▶ _Exercise objective_
Take the records below and extract, word for word, the lines from the one containing "上一条: 关于印发国家产教融" through the final line, inclusive. Omit pictures.

------------------------------

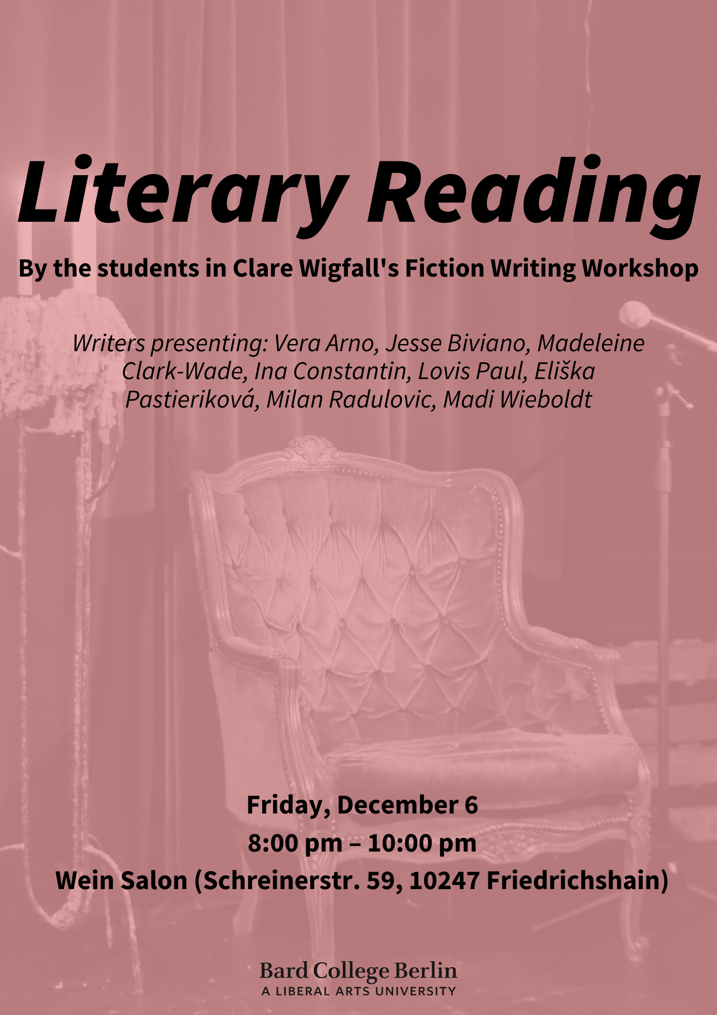 On December 13, visual arts students will showcase their work at Monopol (Provinzstraße 44, 13409 Berlin). View more information here.
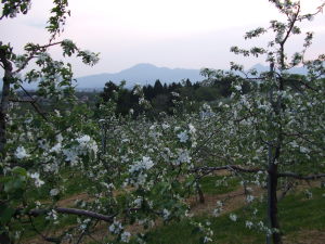 春先から脂肪燃焼を目論んでアップダウンの有るりんご畑コースを朝晩散歩していますがちょうどお花が満開となり見ごろを迎えましたよ。赤い蕾がだんだん開いて白いお花になるみたいです。ウン十年生きていますがりんごのお花って以外に大きい事に気が付きました。ずーっと向こうまで咲いてるよ春一番から枝打ちして、せっせと下草を刈り込んで、どうしても特大の 「ガチャピン」 に見える赤い機械で薬剤散布して、花を摘む摘花をしてと、朝早くから夕方まで沢山の手間をかけて大事に育てていらっしゃいますね。そして、今度は受粉作業の派遣さん?が箱の中で出番を待っているようです。何もしなければ刺されないと思いますが・・・・以前、家庭菜園のキュウリに小さな蜂の巣を発見したので撤収しようとしたら右手の甲を刺されて、ゴム手袋に空気入れて膨らました時のように腫れて病院で点滴した事があり、次に刺された時は危険ですよとも言われましたので暫くこの散歩コースは休んだ方がいいかもしれませんね。お家の中でもオレンジの薔薇を母の日のプレゼントに一足早く、長男夫婦から頂きました。それからタコお孫ちゃんの可愛いお写真が入ったフレームのプレゼントもありがとねタコははの手帳より「平成18年3月16日 ダイエット14ヶ月16日目夕食メニュー」ゴーヤチャンプルー、トマトジュース体重56.2
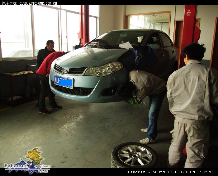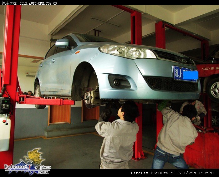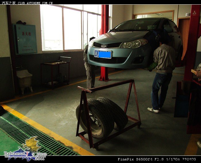 1、我的风2上架开始拆轮胎,旁边看的2人是来这里作保养的风云2(穿灰衣者)和旗云2车主(穿红衣者),我向他们说起了我的刹车盘的问题,并且现场让他们摸自己车的刹车盘与我的车刹车盘做对比,另外还有一位瑞虎车主也做了比较。做比较的台风云2开了2万公里了,瑞虎开的里程就更长了,而我的风2才跑了5700多公里。经过比较后,他们都说我的刹车盘比他们的磨得厉害。
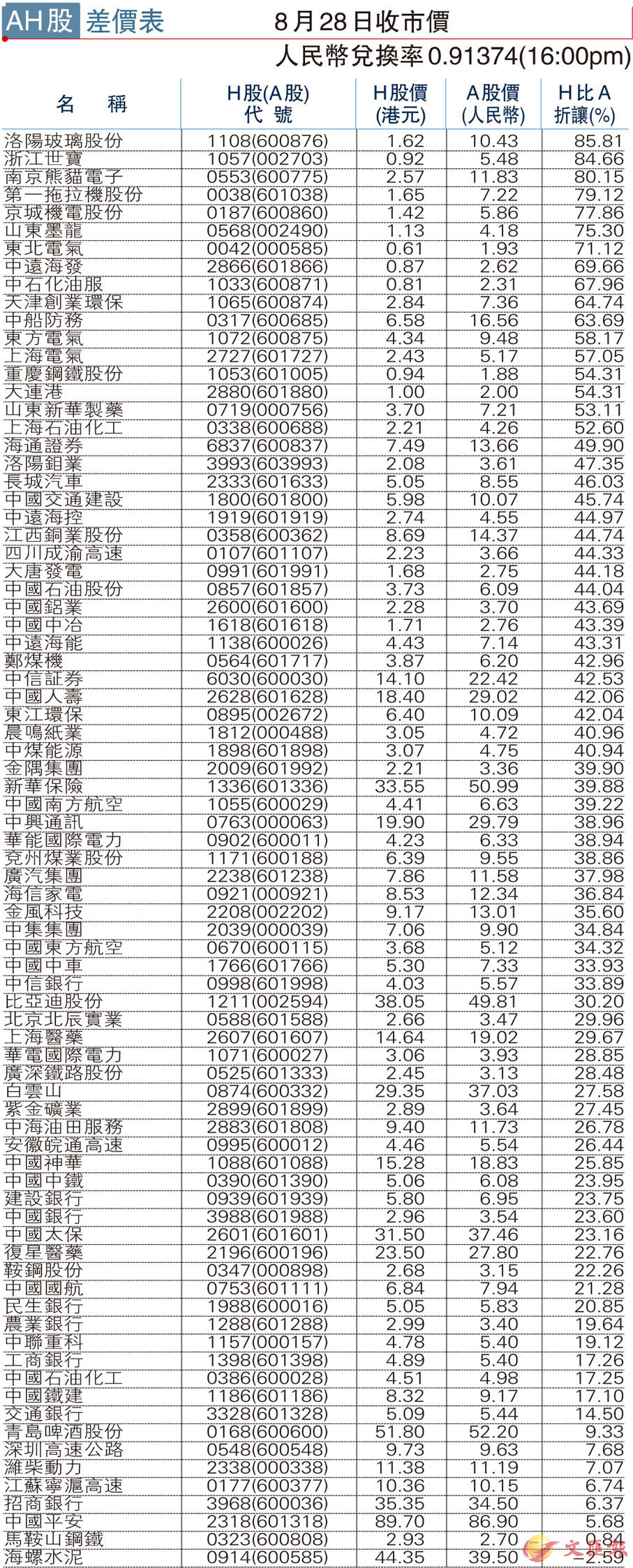 AH股差價表
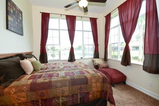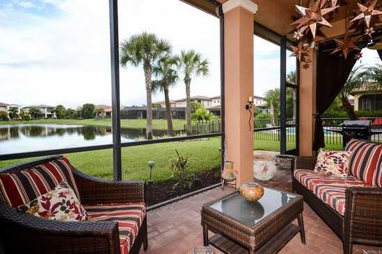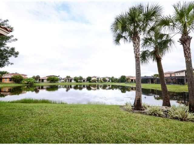 SPECTACULAR MOVE IN READY 4 BEDROOMS PLUS DEN/DINING/OFFICE SITUATED ON WIDE LAKE WITH BREATH TAKING VIEWS FROM ENTIRE BACK ROOMS AND SCREENED PATIO.FRESHLY PAINTED INTERIOR AND EXTERIOR IN TODAY'S POPULAR COLORS. TILE ON A DIAGONAL IN LIVING AREAS, NEW CARPET IN BEDROOMS,FANS,ALARM, TV IN,PREWIRED FOR SOUND,AND A HOME WARRANTY! KITCHEN UPGRADED WITH STONE MOSAIC BACKSPLASH,WORK ISLAND,GRANITE,STAINLESS APPLIANCES.GUARD GATED,2 CLUBHOUSES AND ALL WITHIN THE TOP RATED SCHOOL AREA.GREAT SUNSETS! RARE FIND
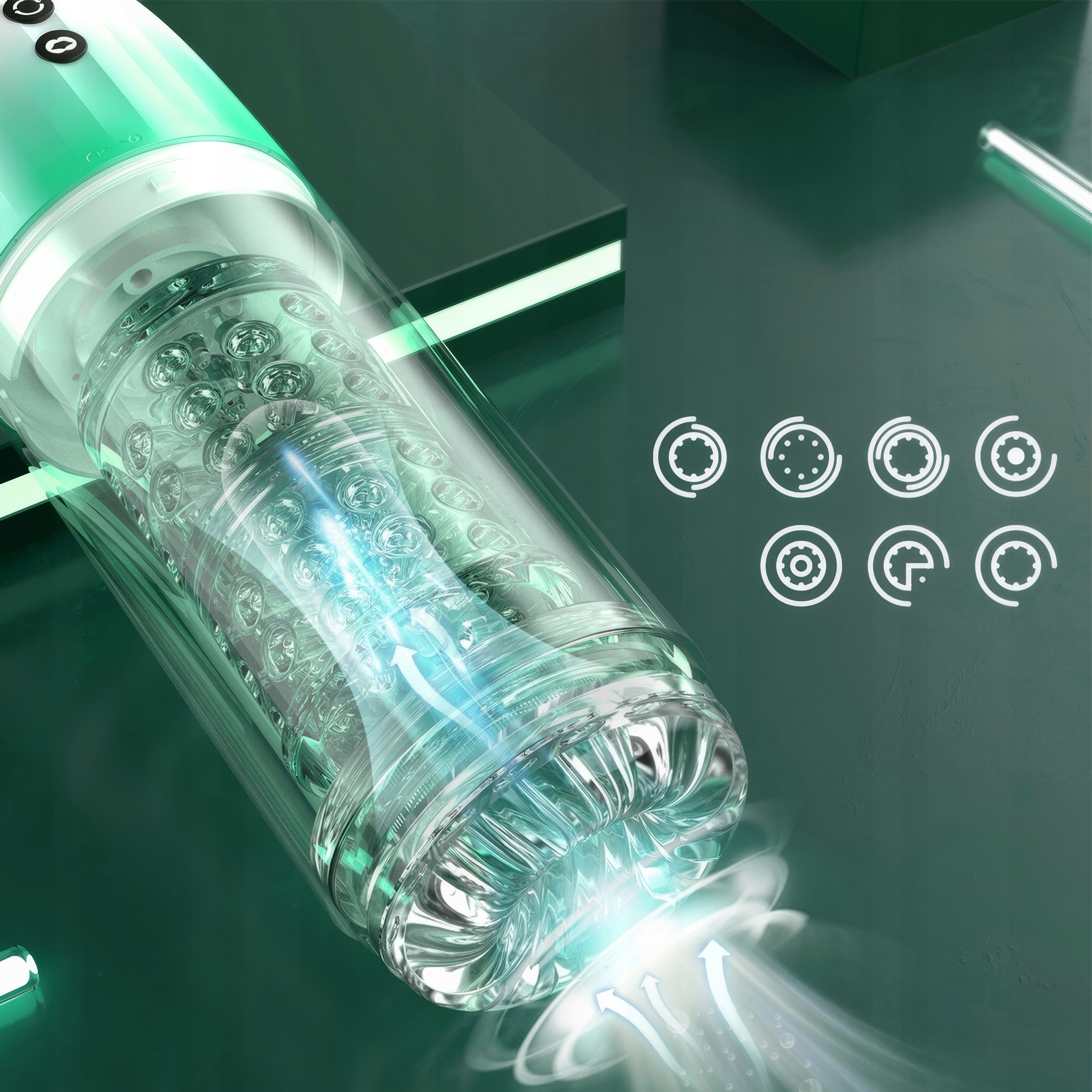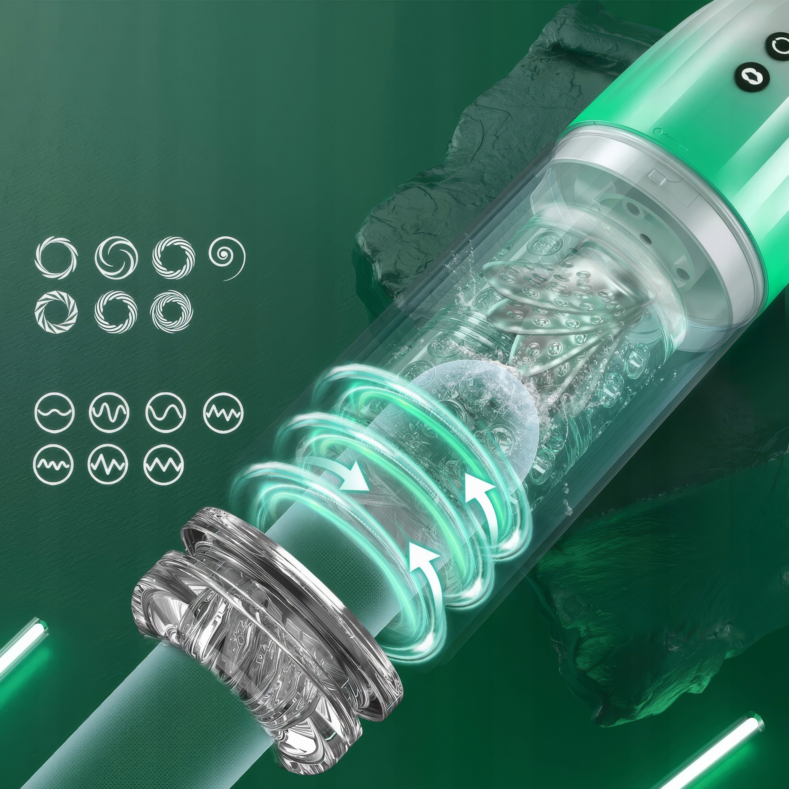 Масурбатор має7 функцій: обертання, смоктання та облизування. Крім того, він працює як вакуумний насос, який забезпечить вам більш тривалу, більшу, міцнішу та довготривалу ерекцію. Це ідеальний інструмент для самозадоволення. Ви легко знайдете щось для себе, щоб досягти максимального задоволення. Оснащений м'яким текстурованим рукавом з отвором TPE, він простий у використанні та приносить неймовірне задоволення. Внутрішній рукав мастурбатора це підкладені виступи, які створюють міцну оболонку, масажуючи чутливий стрижень з кожним рухом під час використання іграшки - що призводить до неймовірного оргазму. Після використання ви можете безпечно вийняти вкладиш зсередини, очистити його, висушити та вставте його назад. Виріб водонепроникний, тому його можна брати з собою у ванну або душ. Відчуйте неймовірні моменти полегшення з цим унікальним мастурбатором!
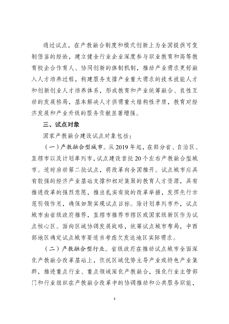 上一条: 关于印发国家产教融合建设试点实施方案的通知〔2019〕1558号——附件二.试点建设首批国家产教融合型城市的省、自治区、直辖市和计划单列市范围
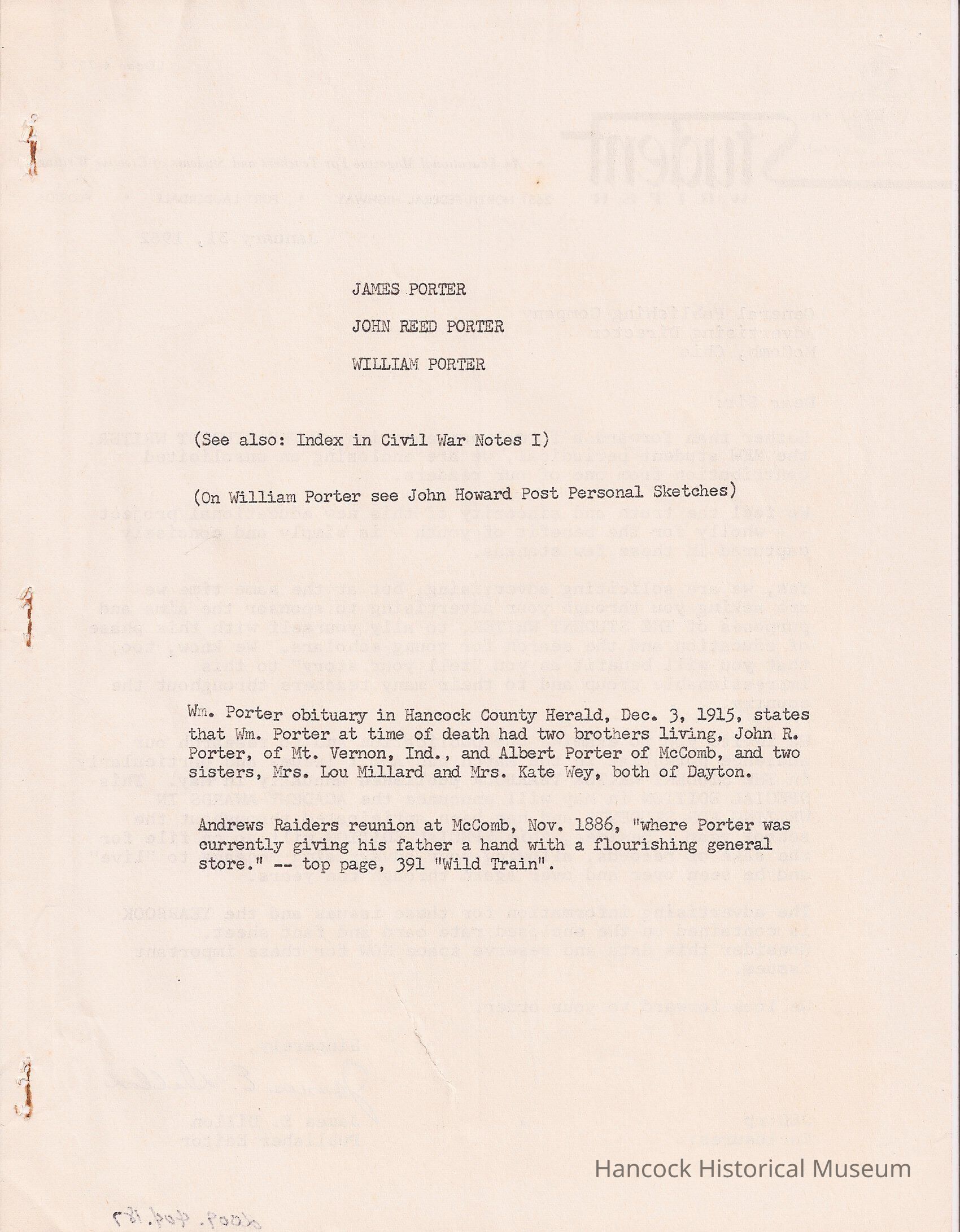 Notes on James Porter, John Reed Porter & William Porter.
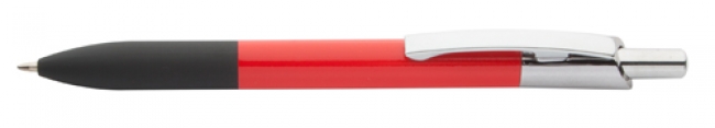 Ballpoint pen with aluminium barrel, metal clip and rubberized tip. With blue refill.
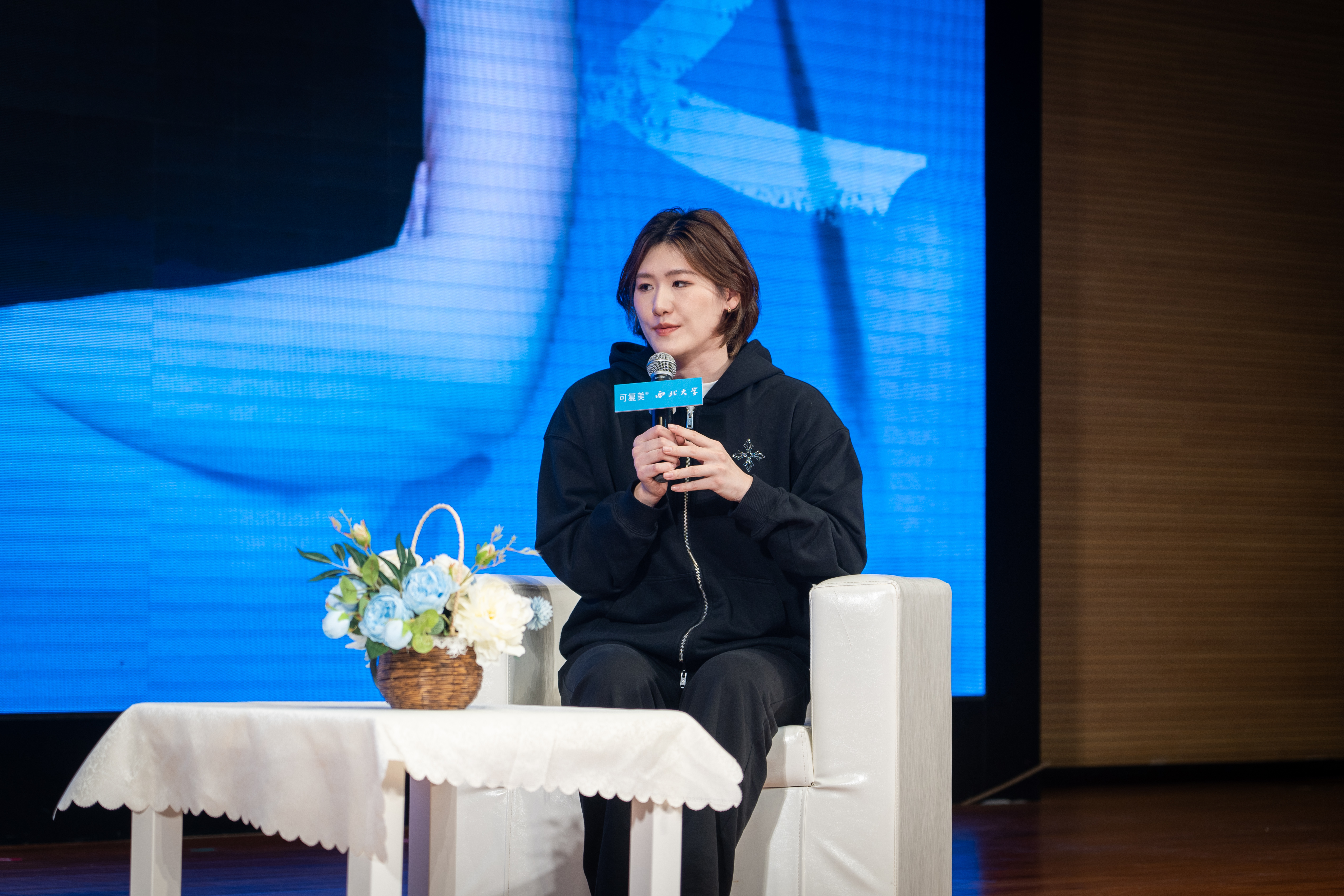 分享会伊始,叶诗文讲述了在清华求学时的经历。“我觉得课堂学习可以带给我很多以前在运动队接触不到的东西,让我对于游泳有更深的理解。”随后,她回顾了十余年的运动生涯,与在场师生分享了自己面对挫折的心路历程。她勉励在场学生,“成长过程,都会有迷茫的时刻,要静下心来问问自己喜欢什么、热爱什么。如果暂时没有寻找到自己特别擅长的领域,则要学着多去尝试。人生就是一个不断试错的过程,千万不要害怕失败。”她祝愿所有的同学们都能够在热爱的事业上实现自己的梦想。

------------------------------

▶ _Output of the task_
 上一条: 关于印发国家产教融合建设试点实施方案的通知〔2019〕1558号——附件二.试点建设首批国家产教融合型城市的省、自治区、直辖市和计划单列市范围
 Notes on James Porter, John Reed Porter & William Porter.
 Ballpoint pen with aluminium barrel, metal clip and rubberized tip. With blue refill.
 分享会伊始,叶诗文讲述了在清华求学时的经历。“我觉得课堂学习可以带给我很多以前在运动队接触不到的东西,让我对于游泳有更深的理解。”随后,她回顾了十余年的运动生涯,与在场师生分享了自己面对挫折的心路历程。她勉励在场学生,“成长过程,都会有迷茫的时刻,要静下心来问问自己喜欢什么、热爱什么。如果暂时没有寻找到自己特别擅长的领域,则要学着多去尝试。人生就是一个不断试错的过程,千万不要害怕失败。”她祝愿所有的同学们都能够在热爱的事业上实现自己的梦想。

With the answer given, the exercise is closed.